OpenAI’s House Counsel to Be Deposed Over Deleted Pirated Material hollywoodreporter.com

Winston Cho, the Hollywood Reporter:

To rewind, authors and publishers have gained access to Slack messages between OpenAI’s employees discussing the erasure of the datasets, named “books 1 and books 2.” But the court held off on whether plaintiffs should get other communications that the company argued were protected by attorney-client privilege.

In a controversial decision that was appealed by OpenAI on Wednesday, U.S. District Judge Ona Wang found that OpenAI must hand over documents revealing the company’s motivations for deleting the datasets. OpenAI’s in-house legal team will be deposed.

Wang’s decision (PDF), to the extent I can read it as a layperson, examines OpenAI’s shifting story about why it erased the books 1 and books2 data sets — apparently, the only time possible training materials were deleted.

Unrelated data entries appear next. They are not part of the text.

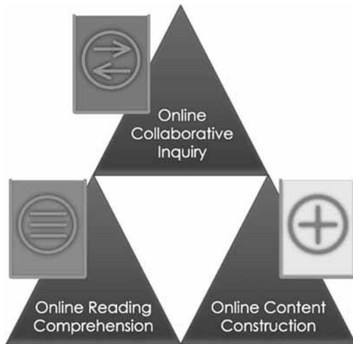
Fig. 1. Online Research and Media Skills Model

Online reading comprehension (Leu et al., 2009) is the actual reading of online information as a process of problem-based inquiry that takes place as students use the Internet to search and sift for answers to problems. This cornerstone is viewed as reading of online information. Online collaborative inquiry is the collaboration and co-construction of a body of information by a group of local, or global connected learners. This cornerstone is viewed as collaboration by learners as they search, sift, and synthesize online informational text. Online content construction (O'Byrne, 2013) is the skills, strategies, and dispositions necessary as students construct, redesign, or re-invent online texts by actively encoding and decoding meaning through the use of digital texts and tools. Content construction is viewed as including the process and product of writing using digital texts and tools.
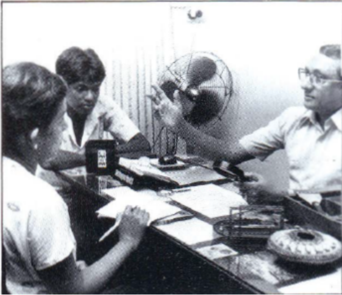
An expert reads from a carbon print of a palm.
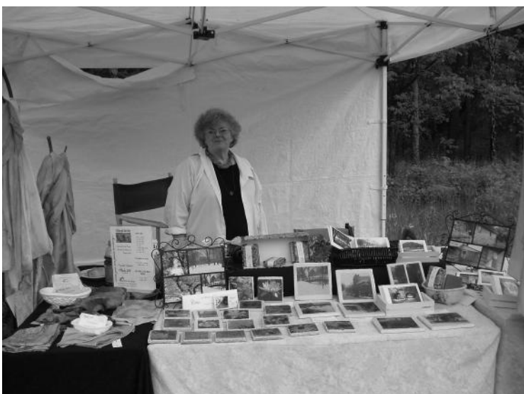
An artist displays her creations for sale during last year's Art in the Hollow festival.

Have a legal question, but feel intimidated by making an appointment and traveling to an attorney's office to ask? The Dayton's Bluff District Council's Arts, Culture and Outreach Committee has assembled a group of local attorneys to speak about many different areas of the law, including wills and estates, bankruptcy, divorce and child custody, personal injury and workers' compensation, and criminal law. Metropolitan State University has graciously allowed us to use its space to hold this legal forum. This is an opportunity for you to listen to an attorney and ask questions in a casual, no-cost, no-obligation setting. You are welcome to attend on Monday, May 23, from 6:00 - 8:00 pm at Metropolitan State University in the Library and Learning Center, Room 302.

I am not sure it has yet been proven OpenAI trained its models on pirated books. Anthropic settled a similar suit in September, and Meta and Apple are facing similar accusations. For practical purposes, however, it is trivial to suggest it did use pirated data in general: if you have access to its Sora app, enter any prompt followed by the word “camrip”.

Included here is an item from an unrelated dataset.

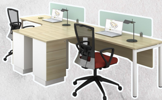
SUPERIOR COMPACT TABLE x 2 NOS SWL1815-3D 1800-600W x 1500-600D x 750H SANDBLAST GLASS x 2 NOS 6STG 300H x 1650W x 6THK BLOCK BRACKET-END x 4 NOS 6/18 BP-E
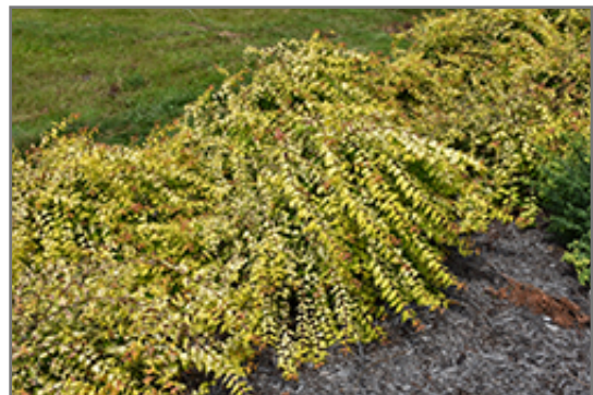
Dream Catcher Beautybush

What is a camrip?, a strictly law-abiding person might ask. It is a label added to a movie pirated in the old-fashioned way: by pointing a video camera at the screen in a theatre. As a result, these videos have a distinctive look and sound which is reproduced perfectly by Sora. It is very difficult for me to see a way in which OpenAI could have trained this model to understand what a camrip is without feeding it a bunch of them, and I do not know of a legitimate source for such videos.